As a timenut novice, I found the BiddleyBoop article on Wikipedia helpful, particularly section 2 on interpretation of value.
https://en.wikipedia.org/wiki/Allan_variance

I apologize for not responding to this sooner. In order to avoid hijacking this thread for a detailed discussion of Allan Variance, I have responded in a more appropriate place - here. JohnnyMalaria started this thread in order to discuss a topic that he originally posted in the another thread, specifically An advanced question - sampling an oscillator's signal for analysis. This was courteous and it would be discourteous of me to attempt to take-over his thread in order to discuss this topic. I invite you to respond to my comments in post referenced above.

[rhb]

A couple of comments related to previous posts:

Typical spectrum analyzers do not measure phase and so a vector network analyzer is used for phase measurements.  But that is a rather different sense of measuring phase.  The HP E4406A transmitter tester will display IQ constellations and some versions  have IQ baseband inputs.

Consider d(t) = a*t +e(t)  where a is a constant and e(t) is a random, zero mean Gaussian process.  By definition, the expected value of d(t) is a*t for all t.  While the error *is* accumulated, the expectation of the sum of e(t) over any period of time is zero.  If that is not the case, then e(t)  fails to meet the definition.  While  any integration of e(t) over some period will in general be non-zero, the errors will generally cancel.  Any measurement of d(t) will be a(t) to within the variance of e(t).

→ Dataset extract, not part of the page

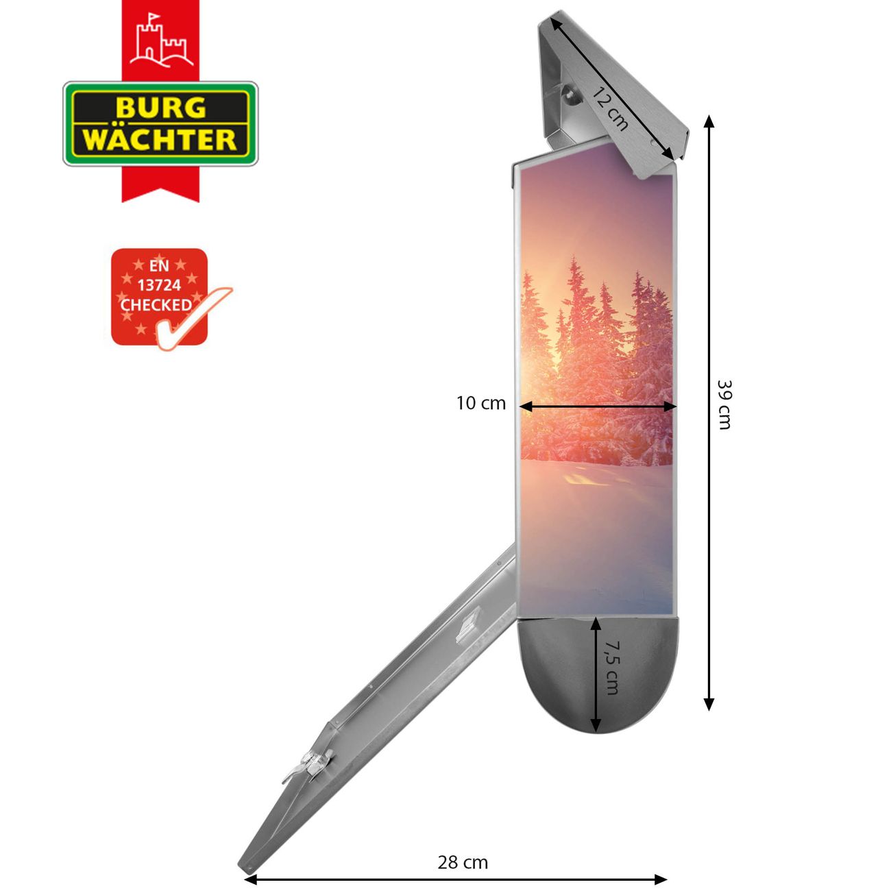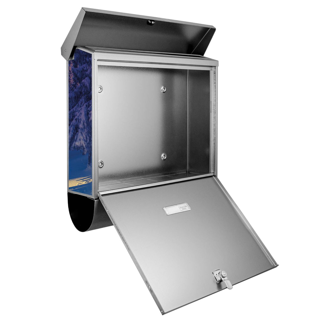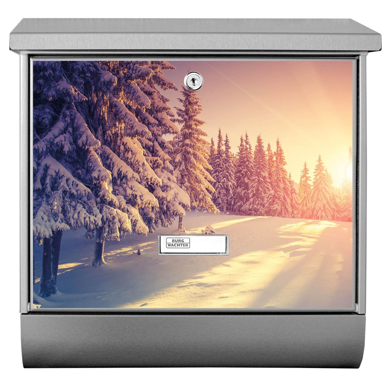 Der BURG-WÄCHTER Edelstahl Briefkasten mit Motiv Winterabend und Zeitungsrolle bietet Ihnen mit seinem Fassungsvermögen genügend Platz auch für große A4 Sendungen und Zeitschriften. Das integrierte Regendach schützt Ihre Post vor dem Eindringen von Regen.

In short, if phase errors in a clock accumulate, then the error process is not zero mean. I included the constraint on being zero mean over the measurement period specifically to address the cyclostationary case.

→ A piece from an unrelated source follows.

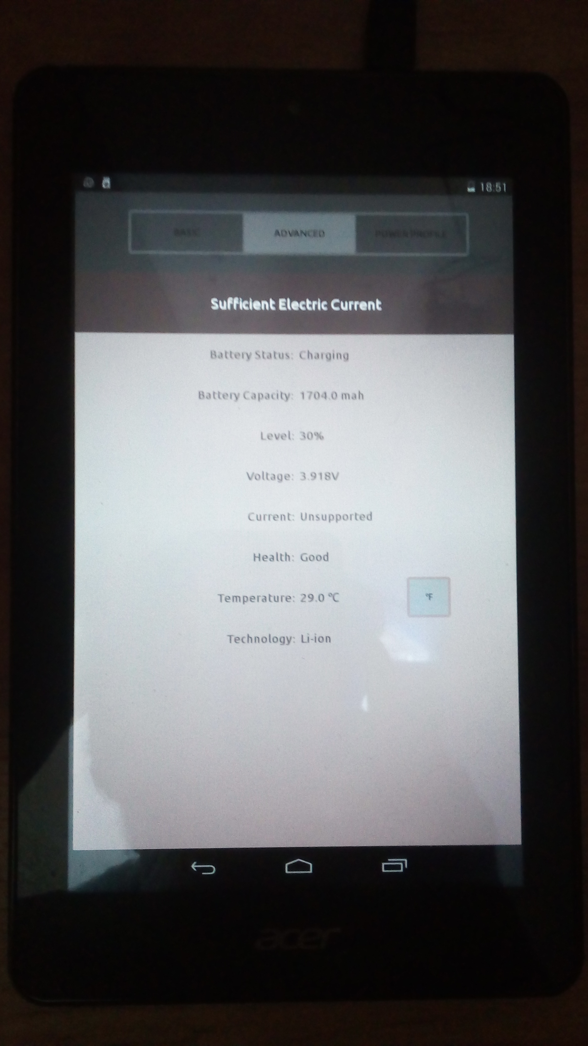 Mám menší problém s tabletem Acer Iconia One 7, který už několik týdnů ukazuje úroveň nabití 30% bez ohledu na skutečný stav nabití. Baterie se nabíjí, protože při připojení nabíječky stoupá napětí baterie. Problém je ale v tom, že skutečný stav nabití mohu pouze odhadovat podle napětí a podle zkušeností s používáním.

Edit: Added statement with regard to variance of e(t)

[JohnnyMalaria]

Typical spectrum analyzers do not measure phase and so a vector network analyzer is used for phase measurements.  But that is a rather different sense of measuring phase.  The HP E4406A transmitter tester will display IQ constellations and some versions  have IQ baseband inputs.

I'm quite surprised at that. The SA I used 30 years ago (!) was a HP3582A dual-channel digital audio SA (0.02Hz-25.6kHz) from ~1979. It could measure both amplitude and phase. I tried but the data had to be transferred by GBIP and only once a sweep had finished - I wanted real-time. Also, the phase resolution was too low for my needs (10 degrees). I had to write a convincing justification for my impoverished UK university to buy a EG&G 5210 high end dual phase lock-in amp which is widely sought after today and considered the benchmark analog lock-in.






Amazing I can achieve the same two functions for less than $1000 now.